Над голубоватым синяком чуть в стороне от потока боярышниц вдруг промелькнула большая светлая бабочка с алыми пятнами на крыльях. Это был аполлон (анютка) — солнечный мотылек, вестник окончания лета. Он случайно и не вовремя очнулся для чего-то, может быть, чтобы запечатлеть или засвидетельствовать и свою будущую агонию. Ещё не скоро аполлоны сменят на лугах исчезнувших боярышниц и в свою очередь ринутся к воде, в точности повторяя заведенный порядок природы. Но аполлонов будет гораздо меньше, — эта вымирающая бабочка уже не в состоянии наглядно имитировать воспоминание о единоисходности. Принцип облетания множеств здесь почти исчерпал себя: аполлонов осталось слишком мало на Земле...
Снова показался рыбак с мешком бабочек за плечами. Он мрачно закурил, посмотрел на воду, по которой продолжали плыть, нарастая, белые невесомые островки, — и, вздохнув, вывернул мешок наизнанку. Бабочки, получив неожиданное освобождение, взметнулись, трепеща, в воздух, и, едва определившись, плотной стайкой понеслись прочь от речки в начинающие вечереть луга.
А вдруг они забыли, что им надо умирать?!
Медленный бесконечный этот день, полный не прекращаемого серебристого мерцания, шелеста воды и ее плывущего движения, долго сопровождал меня. Он не стал ни прозрением, ни мыслью, он стал фоном, густой переполненной материей, которую не нужно было втискивать в стихи, они сами должны были взойти из этого. Впрочем, что мы знаем о ненаписанных стихах, если и о написанных не знаем ничего?..
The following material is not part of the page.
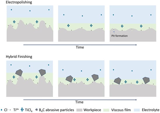 In the electropolishing process, a voltage is applied between the workpiece anode and the inert cathode; Ti atoms on the workpiece surface dissolve in the electrolyte by being oxidized to Ti4+ ions. In order to maintain the electrical neutrality of the electrolyte, Cl− ions in the bulk electrolyte migrate to the workpiece surface and complex with Ti4+ to form TiCl4. TiCl4 is a viscous liquid, which forms a viscous layer with a higher electrical resistivity compared to the bulk electrolyte adjacent to the workpiece anode. According to the viscous film theory [], due to the high surface roughness of the as-built workpiece, the thickness of the viscous layer at the valley is higher than the thickness at the peak. Accordingly, the viscous layer at the valley has larger electrical resistance compared with the viscous layer at the peak, resulting in a potential difference at different surface locations, leading to a leveling and polishing effect. With the progress of the aforementioned process, the surface roughness as well as the surface waviness decreases with time, while the uniformity of the waviness distribution also increases. Although electropolishing has the capability to reduce the surface roughness and waviness, when the processing time reaches the threshold limit, instead of polishing the surface and further reducing the surface waviness, overpolishing occurs with pits forming on the surface. The mechanism is shown in Figure 14.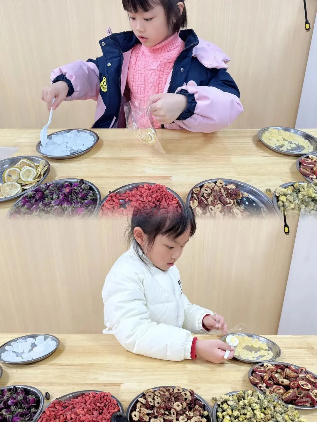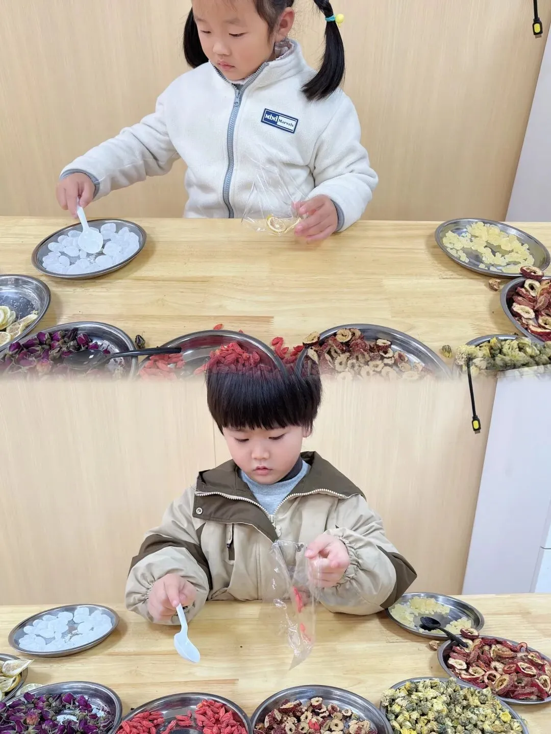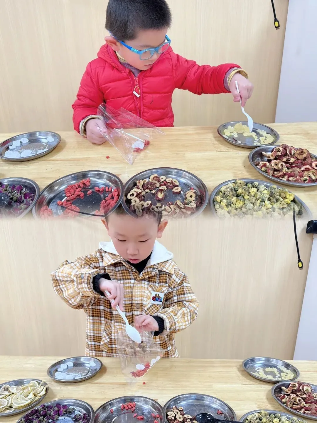 小朋友们认认真真挑选、小心翼翼分装

Позже, зимой, налетали метели, и порой, стоя у ночного окна, в свете которого снаружи метались и закручивались белые вихри, так похожие на мятущихся бабочек, — думалось, что и это — часть всеобщего облетания мира, — эти истекающие дробящиеся небеса, эти крупицы застывшего земного пара — затвердевшее дыхание Живого.
Стихи, которые вдруг написались, неожиданно запротестовали против угаданной обреченности мира. Внутренний диалог, возникший в них, диалог очевидного с неочевидным, — был, наверное, просто спасением внутреннего мира. Ведь иначе обессмысливалась и сама жизнь.
И я как-то не сразу заметил, что из стихов исчезли бабочки, они оказались необязательными, внутри остался только фон, это шелестящее, пульсирующее облетание, которое можно остановить только встречной гармонией, созидающим духом воспоминания о целокупности, частью которого является и сама поэзия. А жизнь — это всего лишь память о самой себе...
Ты думаешь, мир — безмятежный юнец?
Он — старец, предвидящий скорый конец.
Смотри, как, дряхлея, тревожно горит
Дробящийся в звёзды сыпучий зенит,
Как горько дымит раскаленный закат,
Когда в него звёзды из бездны летят,
Как бездна, в беззвучный скрутившись поток,
Тяжелый гранит разбивает в песок,
И зёрна песка, истончась до пыли,
Волной оседают в кромешной дали,
Где кружит столбом, завихряясь в веках,
Усталого мира беспомощный прах...
. . . . . . . . . . . . . . . . . . . . . . . . . . . . . . . . . . . .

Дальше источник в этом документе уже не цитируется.